Research output: Contribution to journalArticlepeer-review

Abstract

Objective: To estimate the prevalence of metabolic syndrome (MetS) and examine its association with chronic kidney disease progression in children enrolled in the Chronic Kidney Disease in Children study. Study design: MetS was defined as being overweight or obese and having ≥2 cardiometabolic risk factors (CMRFs). Incidence and prevalence of MetS were assessed using pairs of visits approximately 2 years apart. Results: A total of 799 pairs of person-visits (contributed by 472 children) were included in the final analysis. Of these, 70% had a normal body mass index (BMI), 14% were overweight, and 16% were obese. At the first visit, the prevalence of MetS in the overweight group was 40% and in the obese group was 60%. In adjusted models, annual percent estimated glomerular filtration rate decline in those who had normal BMI and incident or persistent multiple CMRFs or those with persistent MetS was −6.33%, −6.46%, and −6.08% (respectively) compared with children who never had multiple CMRFs (−3.38%, P =.048,.045, and.036, respectively).
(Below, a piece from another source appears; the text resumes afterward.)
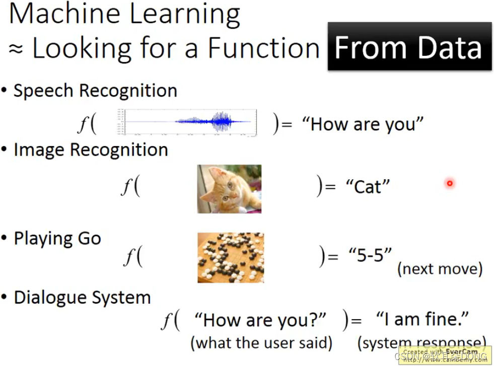 這是比較擬人化的說法,如果要講得更務實一點的話,Machine Learning 做的事情可以想成是在尋找一個 Function。你要讓機器具有一個能力,這個能力是根據你提供給它的資料,他去尋找出我們要尋找的 Function。那很多我們關心的問題,都可以想成是,我們就是需要一個 Function。舉例來說,語音辨識,在語音辨識這個問題裡面,我們要找一個 Function,它的輸入是聲音訊號,它的輸出是語音辨識的文字。這個Function非常非常的複雜,有人可能會想說我來用一些寫規則的方式,用一些語言學,讀很多語言學的文獻,然后寫一堆規則做語音辨識。這些事情 60 年代就有人在做了,到現在都還沒做出來。語音辨識太過複雜,這個 Function 太過複雜,不是人類可以寫出來,可以想像的。所以我們需要憑藉機器的力量,幫我們把這個 Function 找出來;或者說假設你要做影像辨識,那你就要找到一個 Function,輸入就是一張圖片,其實就是圖片裡面的 Pixel(像素),輸出就是這張圖片有什麼樣的東西;或者是這年頭大家都一直在說的 Alphago,如果你要做一個可以下圍棋的 Machine 的話,其實你需要的也就是找一個Function,這個 Function 輸入是圍棋上 19x19 路的棋盤的盤勢,你告訴機器說,在這 19x19 棋盤上,哪些位置有黑子,哪些位置有白子,然後機器就告訴你說,接下來下一步應該要落子在哪裡;或者是你要做聊天機器人,你需要的也是一個 Function,這個 Function 的輸入就是使用者的 Input,它的輸出就是機器的回應。

Children with normal BMI and incident multiple CMRFs and those with persistent MetS had approximately twice the odds of fast estimated glomerular filtration rate decline (>10% per year) compared with those without multiple CMRFs and normal BMI. Conclusion: Children with chronic kidney disease have a high prevalence of MetS. These children as well as those with normal BMI but multiple CMRFs experience a faster decline in kidney function.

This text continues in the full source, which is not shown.